#### DATA SHOWN
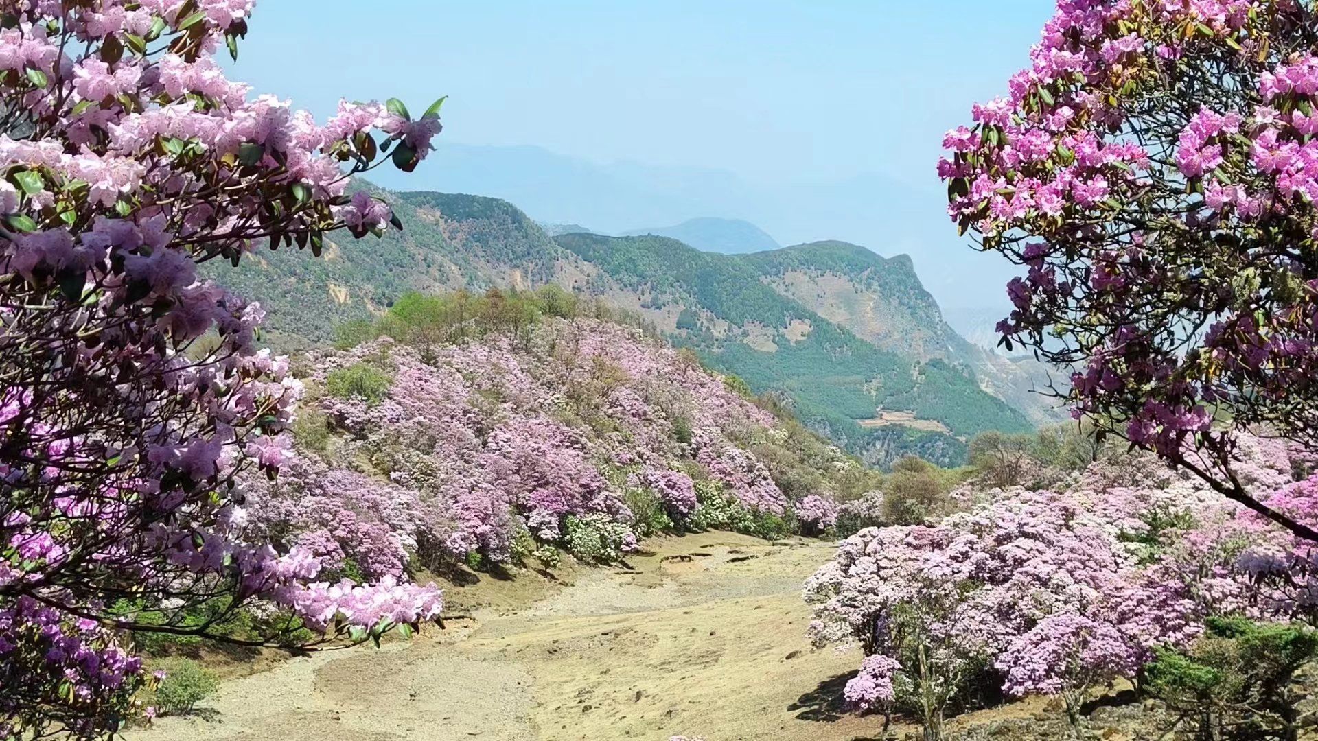 目前,昆明市禄劝县轿子山的杜鹃花,已经从海拔 3000 米的四方景开到了海拔 3800 米的大黑箐。漫山遍野的杜鹃花,七彩斑斓、争奇斗艳。它们在风中摇曳,在云影下跳跃,以热情奔放的姿态迎接每一位前来打卡的游客。走进花海山谷,你一定会被一树树的鲜花吸引,流连忘返。
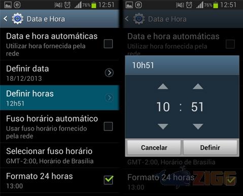 3 – Caso esteja marcada, desmarque a opção ‘Data e Hora automáticas’
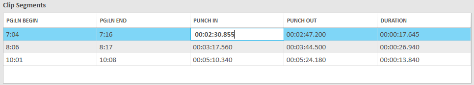 - To change the start time, click in the Punch In cell and manually type the start time for the current segment.
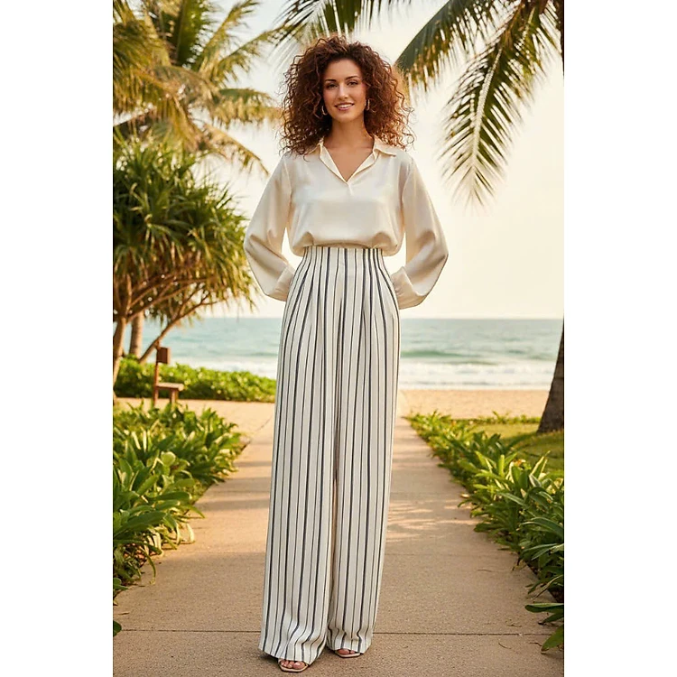 Quần Ống Rộng Palazzo Trắng Sọc Đen Pan030 Thời trang Hity

#### TASK PROMPT
Copy the data character for character, but drop all pictures from the copy.

#### EXERCISE RESULT
 目前,昆明市禄劝县轿子山的杜鹃花,已经从海拔 3000 米的四方景开到了海拔 3800 米的大黑箐。漫山遍野的杜鹃花,七彩斑斓、争奇斗艳。它们在风中摇曳,在云影下跳跃,以热情奔放的姿态迎接每一位前来打卡的游客。走进花海山谷,你一定会被一树树的鲜花吸引,流连忘返。
 3 – Caso esteja marcada, desmarque a opção ‘Data e Hora automáticas’
 - To change the start time, click in the Punch In cell and manually type the start time for the current segment.
 Quần Ống Rộng Palazzo Trắng Sọc Đen Pan030 Thời trang Hity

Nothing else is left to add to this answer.